Instructions for the task:
Transcribe, starting at the line with "We analyze the" and ending at the line with "سترة جلدية لراكبي", every line of the material below exactly, but leave out the pictures and anything outside that span.

*** Opening of Information given ***

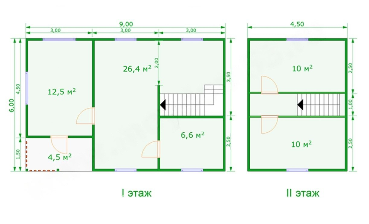 Проект каркасного дома 6м х 6м с мансардным этажом 4.5м х 6м и теплым тамбуром 3м х 6м и верандой-крыльцом 1.5м х 3м
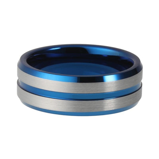 8mm Blue Tungsten with Blue Groove and Silver Brushed Surface Wedding Ring
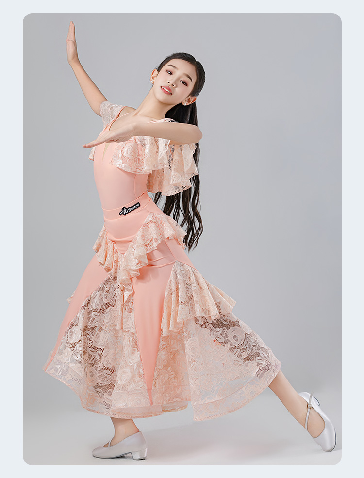 皇朝拉丁2024年3月女童摩登V领肩带拼接蕾丝套装H6375+H7295
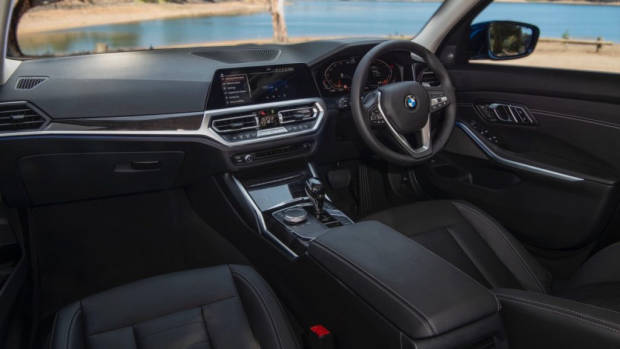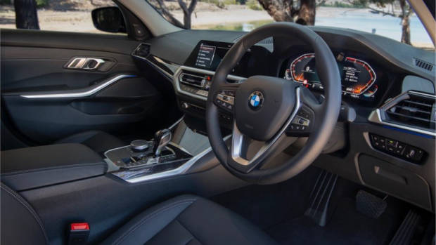 But for an extra $3,000, the 330i makes so much more sense. First, it fixes the safety nonsense by throwing everything in: the petrol’s triple-camera setup means iti gets full AEB that stops the car, full lane keep assist that works for up to 25 seconds, front cross traffic alert, junction cross traffic braking, a 360-degree parking camera, and a host of other clever tech. You also get adaptive dampers, 19-inch wheels, leather on both variants, full keyless access, and beefier M Sport brakes. It’s a worthy upgrade.
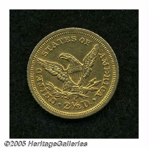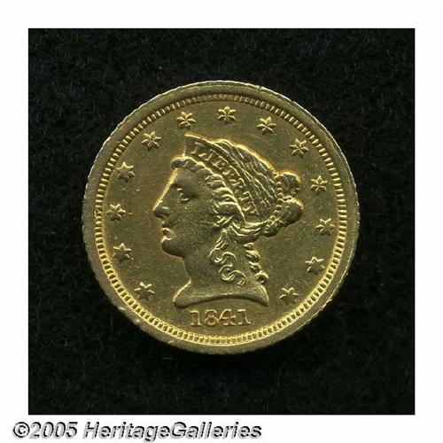 <B>1841-C<$2 1/2> AU50 Cleaned Uncertified.</B></I> Variety 2-B. A bold orange-gold example with subdued but abundant remaining luster. A horizontal pinscratch above the first star is of no concern, and in fact the surfaces are free from unpleasant marks or planchet problems. A scant 10,281 pieces were issued.
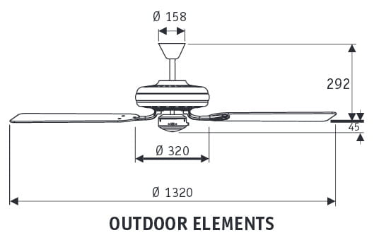 Wentylator sufitowy Hunter OUTDOOR ELEMENTS II posiada możliwość zamontowania na zewnątrz, pod zadaszeniem (IP 44).
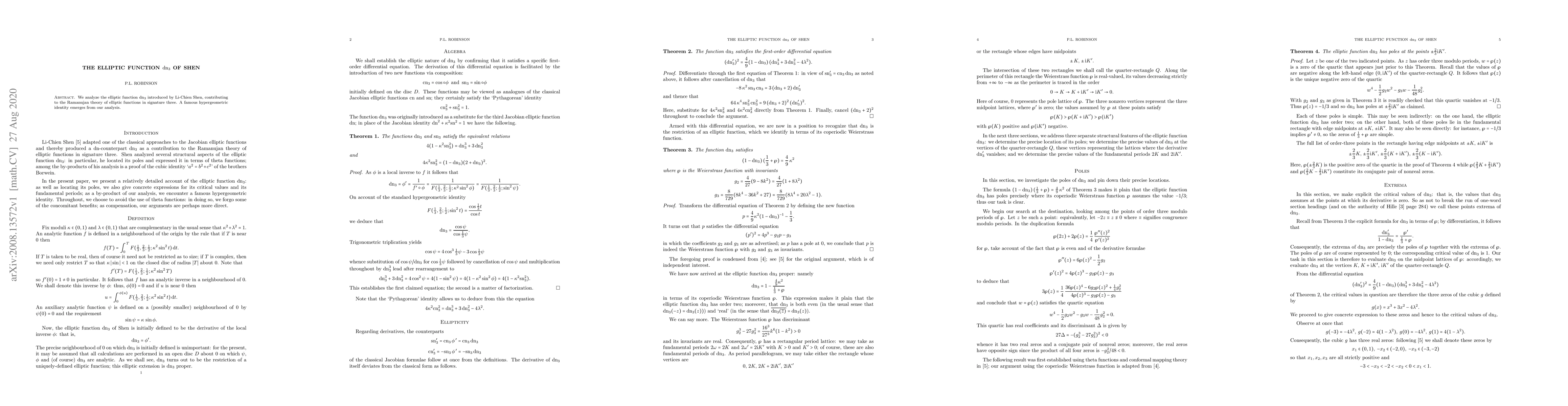 We analyze the elliptic function ${\rm dn}_3$ introduced by Li-Chien Shen, contributing to the Ramanujan theory of elliptic functions in signature three. A famous hypergeometric identity emerges from our analysis.
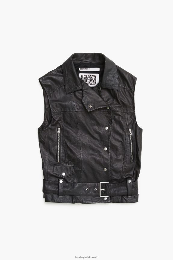سترة جلدية لراكبي الدراجات باللون الأسود. موديل بقصة مستقيمة ، بلا أكمام ، مع ياقة على شكل طية صدر لراكبي الدراجات. أزرار أمامية ، حزام نغمي وجيوب أمامية بسحاب.
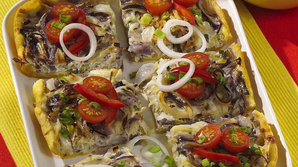 - Odpočaté těsto rozválíme do tvaru obdélníku a položíme jím vymaštěný plech tak, aby okraje těsta byly zvýšené asi o 2 cm. Na těsto rozetřeme cibulovou náplň. Koláč pečeme v troubě předehřáté na 180 °C asi 40 minut. Pokud by koláč rychle červenal, přikryjeme ho alobalem. Hotový koláč podáváme ozdobený koktejlovými rajčátky a nasekanou mladou cibulkou.
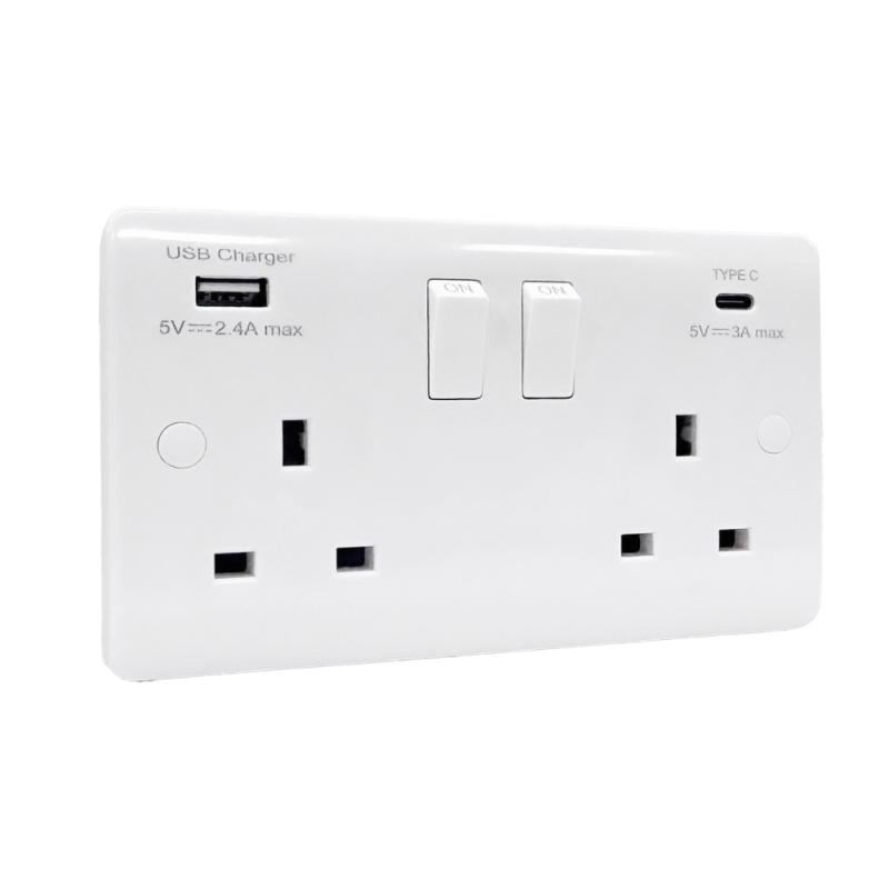 Zahler 13 Amp 2 Gang Switched Socket USB Type C / Type A Zahler Curve USB Sockets White
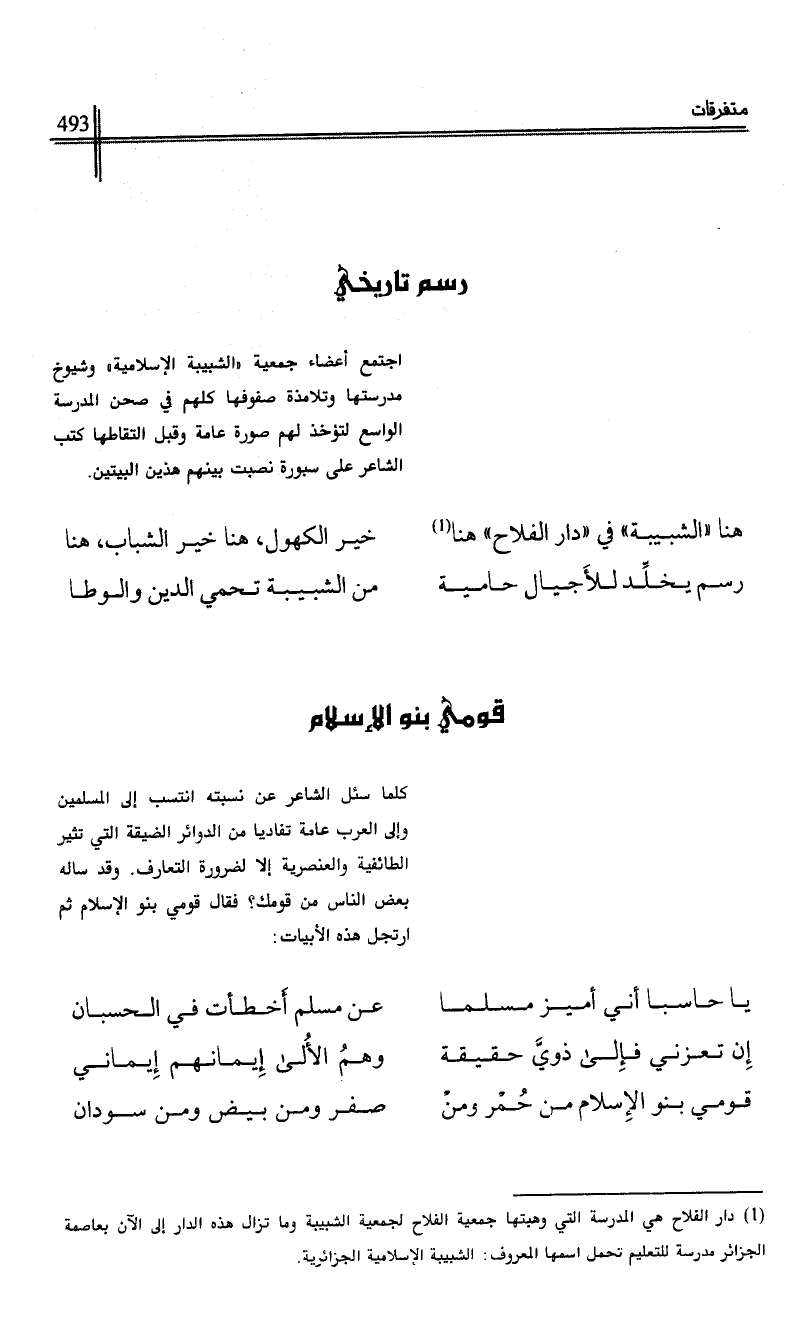 (1) دار الفلاح هي المدرسة التي وهبتها جمعية الفلاح لجمعية الشبيبة وما تزال هذه الدار إلى الآن بعاصمة الجزائر مدرسة للتعليم تحمل اسمها المعروف: الشبيبة الإسلامية الجزائرية.
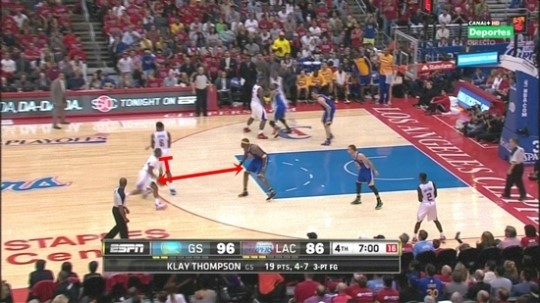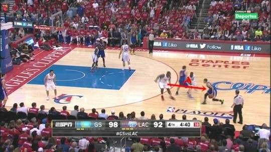 스크린 수비는 좋았다. 깊숙이 헷지 수비가 들어오면서 커리의 이동 경로를 막아냈다. 하지만 이후 로테이션이 문제였다. 커리가 헷지를 뚫고 패스를 날렸을 때 클리퍼스 선수들의 대응이 한 박자 늦었다. 이는 워리어스의 손쉬운 페인트 존 득점으로 이어졌다. 2:2게임 수비에만 신경을 쓴 나머지 그 외 3명의 움직임을 신경 쓰지 못한 게 실책이었다.
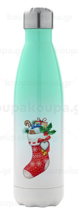 Xmas boot, Μεταλλικό παγούρι θερμός Πράσινο/Λευκό (Stainless steel), διπλού τοιχώματος, 500ml
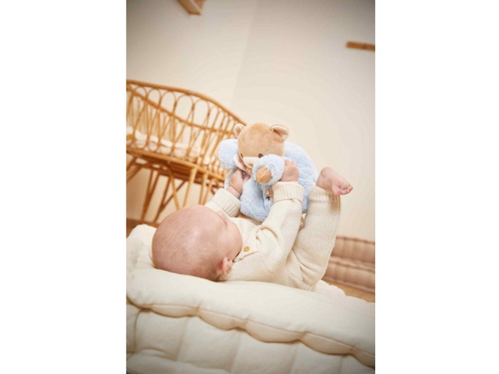 Tento modrý plyšový medvedík Patapouf sa dá prať v práčke pri teplote 30 °C.

*** Close of Information given ***

Answer:
 We analyze the elliptic function ${\rm dn}_3$ introduced by Li-Chien Shen, contributing to the Ramanujan theory of elliptic functions in signature three. A famous hypergeometric identity emerges from our analysis.
سترة جلدية لراكبي الدراجات باللون الأسود. موديل بقصة مستقيمة ، بلا أكمام ، مع ياقة على شكل طية صدر لراكبي الدراجات. أزرار أمامية ، حزام نغمي وجيوب أمامية بسحاب.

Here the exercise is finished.